We may seek to utilize non-recourse securitizations of certain of our CMBS investments to the extent consistent with
REIT and Investment Company Act requirements. This would likely involve us creating a special-purpose vehicle,
contributing a pool of our assets to the entity, and selling interests in the entity on a non-recourse basis to purchasers
(whom we would expect to be willing to accept a lower interest rate to invest in investment-grade loan pools). We would
expect to retain all or a portion of the equity in the securitized pool of loans or investments. Prior to any such financing, we
may use short-term facilities to finance the acquisition of securities until a sufficient quantity of securities had been
accumulated, at which time we would refinance these facilities through a securitization, such as a CMBS, or issuance of
CLOs, or the private placement of loan participations or other long-term financing. If we were to employ this strategy, we
would be subject to the risk that we would not be able to acquire, during the period that our short-term facilities were
available, a sufficient amount of eligible securities to maximize the efficiency of a CMBS, CLO or private placement
issuance. We also would be subject to the risk that we would not be able to obtain short-term credit facilities or would not
be able to renew any short-term credit facilities after they expire should we find it necessary to extend our short-term credit
facilities to allow more time to seek and acquire the necessary eligible securities for a long-term financing. The inability to
consummate securitizations of our portfolio to finance our loans and investments on a long-term basis could require us to
seek other forms of potentially less attractive financing or to liquidate assets at an inopportune time or price, which could
adversely affect our performance and our ability to grow our business. Moreover, conditions in the capital and credit
markets, including volatility and disruption, may not permit a non-recourse securitization at any particular time or may
make the issuance of any such securitization less attractive to us even when we do have sufficient eligible assets. We may
also suffer losses if the value of the mortgage loans we acquire declines prior to securitization. Declines in the value of a
mortgage loan can be due to, among other things, changes in interest rates and changes in the credit quality of the loan. In
addition, transaction costs incurred in executing transactions impact any liability that we may incur, or may be required to
reserve for, in connection with executing a transaction can cause a loss to us.

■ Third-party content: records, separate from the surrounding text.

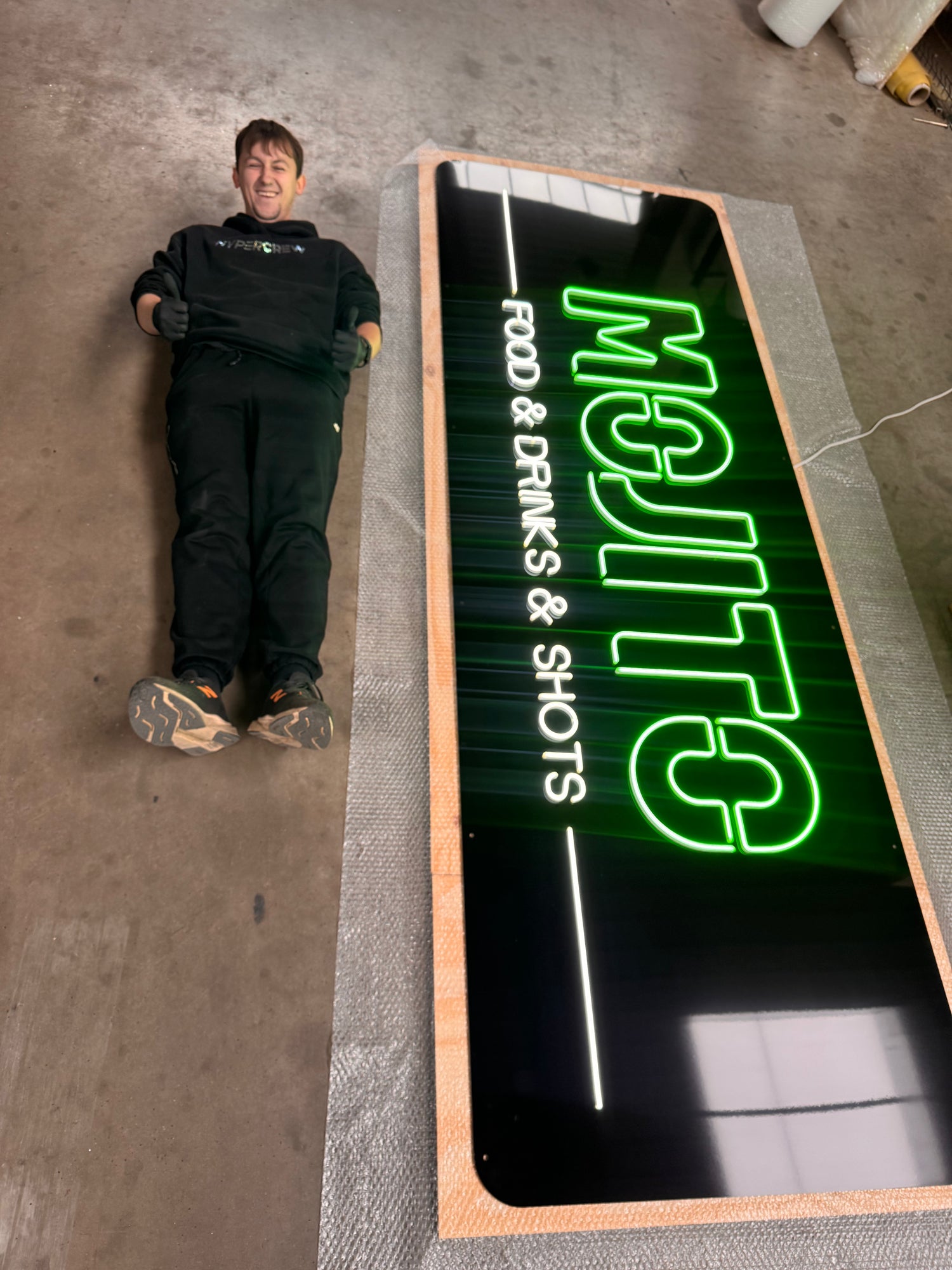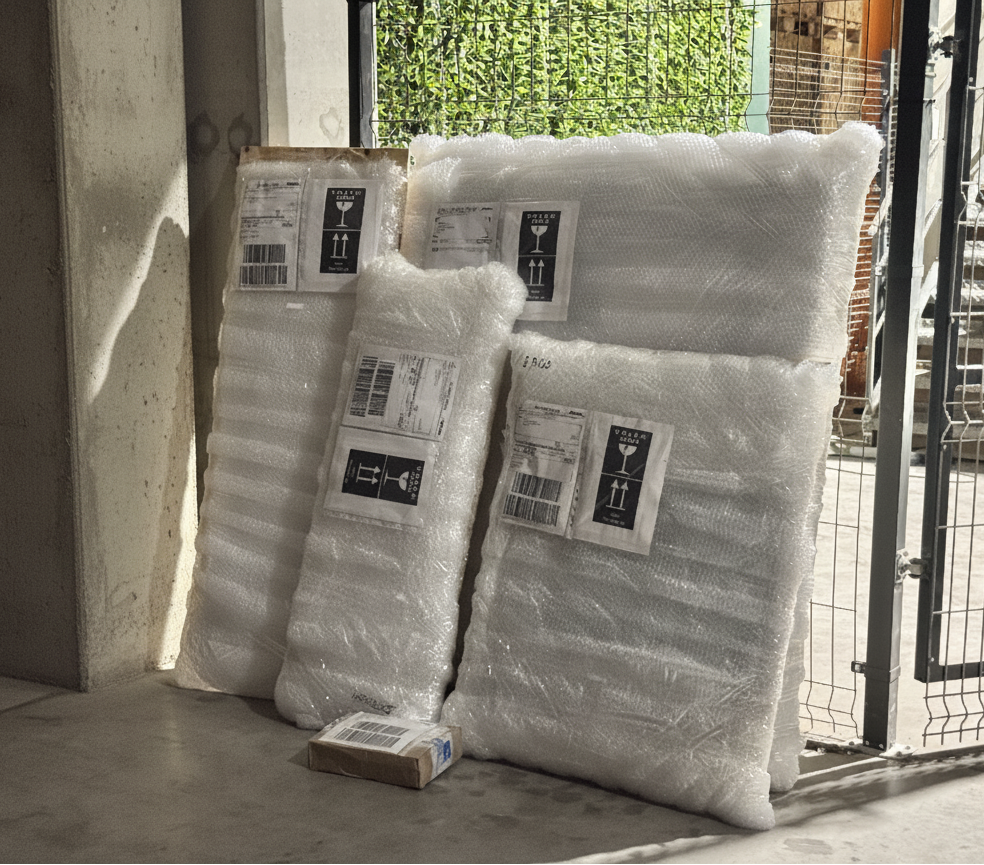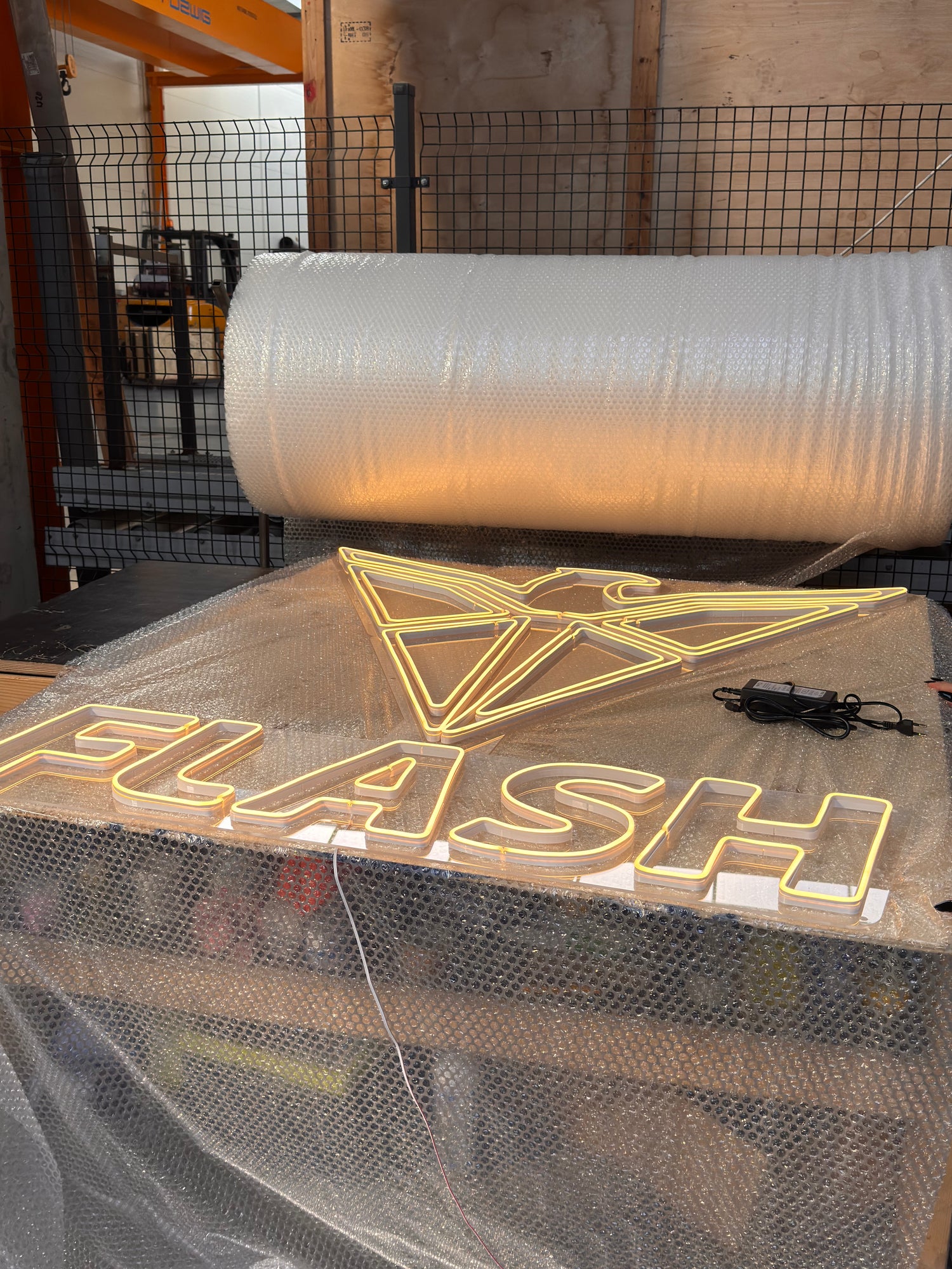 Nasze standardowe opakowanie dla neonu to drewniany podkład o grubości 9mm i folia bąbelkowa. Wysłaliśmy tak już ponad tysiąc paczek, wszystkie dotarły bezpiecznie na miejsce!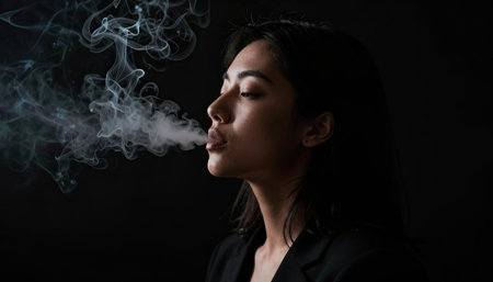 A woman is captured in a low-key portrait, exhaling smoke that swirls around her face, creating a dramatic and mysterious atmosphere against a dark background.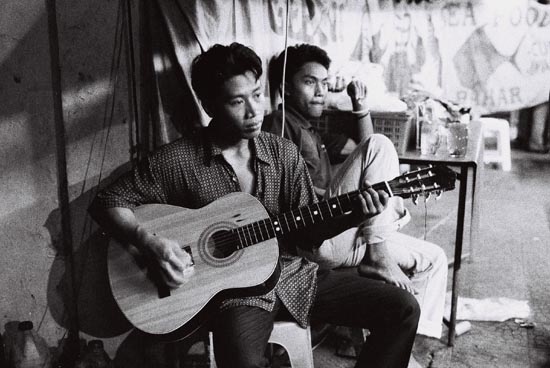 Indonesians are highly romantic and treasure musical instruments like the guitar. This picture was taken in the late evening in Jakarta at a side stall. TMX3200 handheld @1/8 sec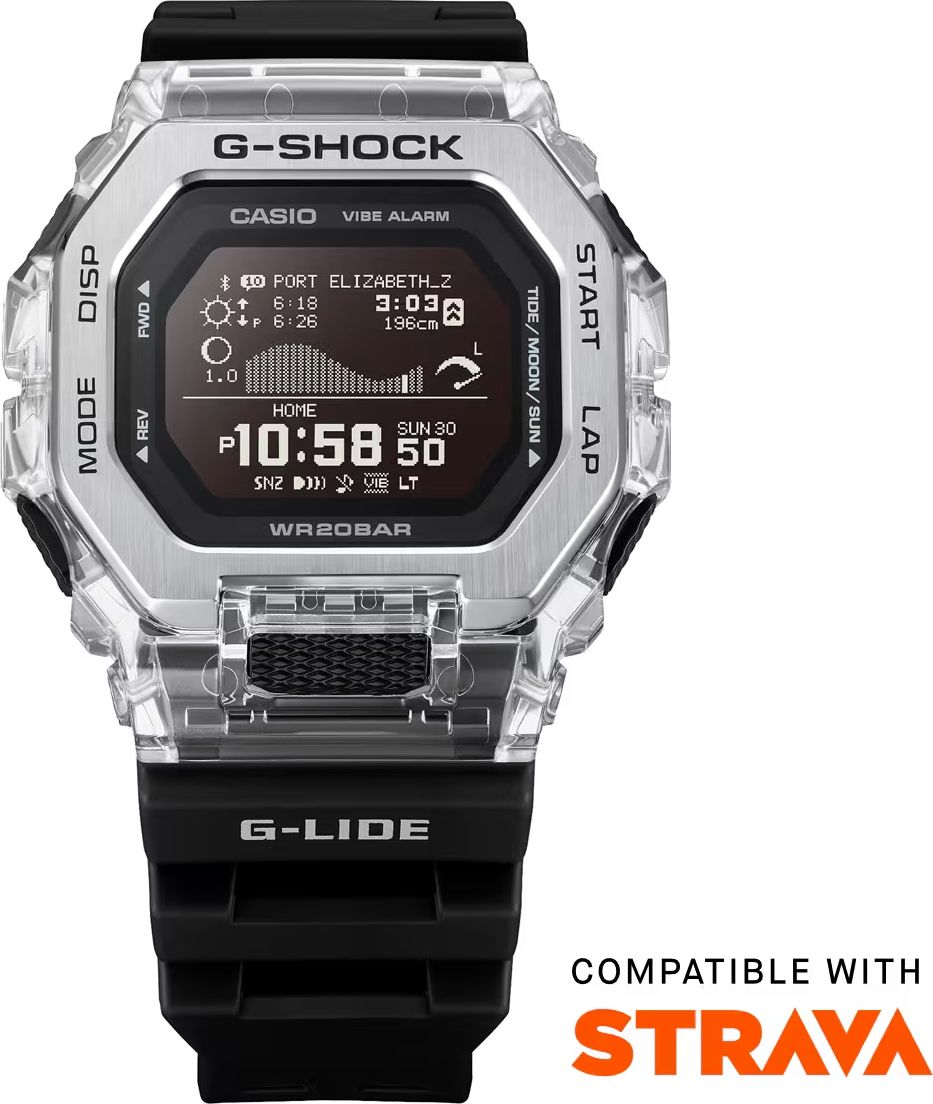 стильная цифровая модель джишок 2025 года в полупрозрачном скелетоновом корпусе GBX-100 на черном полимерном ремешке. Эта модель из серферско-бордерской серии G-SHOCK G-LIDE получила новый информативный MIP инверсионный дисплей, который защищен от повреждений стальным безелем и прочным минеральным стеклом.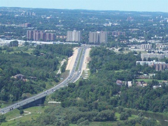 Left - Facing west along Hwy 8 towards the new Flyover from the Conestoga Parkway (Hwy 7). This new two-lane structure relieved a

To the extent that we incur a loss executing or
participating in future securitizations for the reasons described above or for other reasons, it could materially and adversely
impact our business and financial condition.
In addition, the securitization of investments in our portfolio might magnify our exposure to losses because any equity
interest we retain in the issuing entity would be subordinate to the notes issued to investors and we would, therefore, absorb
all of the losses sustained with respect to a securitized pool of assets before the owners of the notes experience any losses.
The inability to securitize our portfolio may hurt our performance and our ability to grow our business. At the same time,
the securitization of our loans or investments might expose us to losses, as the residual loans or investments in which we do
not sell interests will tend to be riskier and more likely to generate losses. Moreover, the Dodd-Frank Act contains a risk
retention requirement for all asset-backed securities, which requires both public and private securitizers, to retain not less
than 5% of the credit risk of the assets collateralizing any asset-backed security issuance. Significant restrictions exist, and
additional restrictions may be added in the future, regarding who may hold risk retention interests, the structure of the
entities that hold risk retention interests and when and how such risk retention interests may be transferred. Therefore such
risk retention interests will generally be illiquid. As a result of the risk retention requirements, we may be required to
purchase and retain certain interests in a securitization into which we sell mortgage loans or when we act as issuer, may be
required to sell certain interests in a securitization at prices below levels that such interests have historically yielded or may
be required to enter into certain arrangements related to risk retention that we have not historically been required to enter
into and, accordingly, the risk retention rules may increase our potential liabilities or reduce our potential profits in
connection with securitization of mortgage loans. It is likely, therefore, that these risk retention rules will increase the
administrative and operational costs of asset securitizations.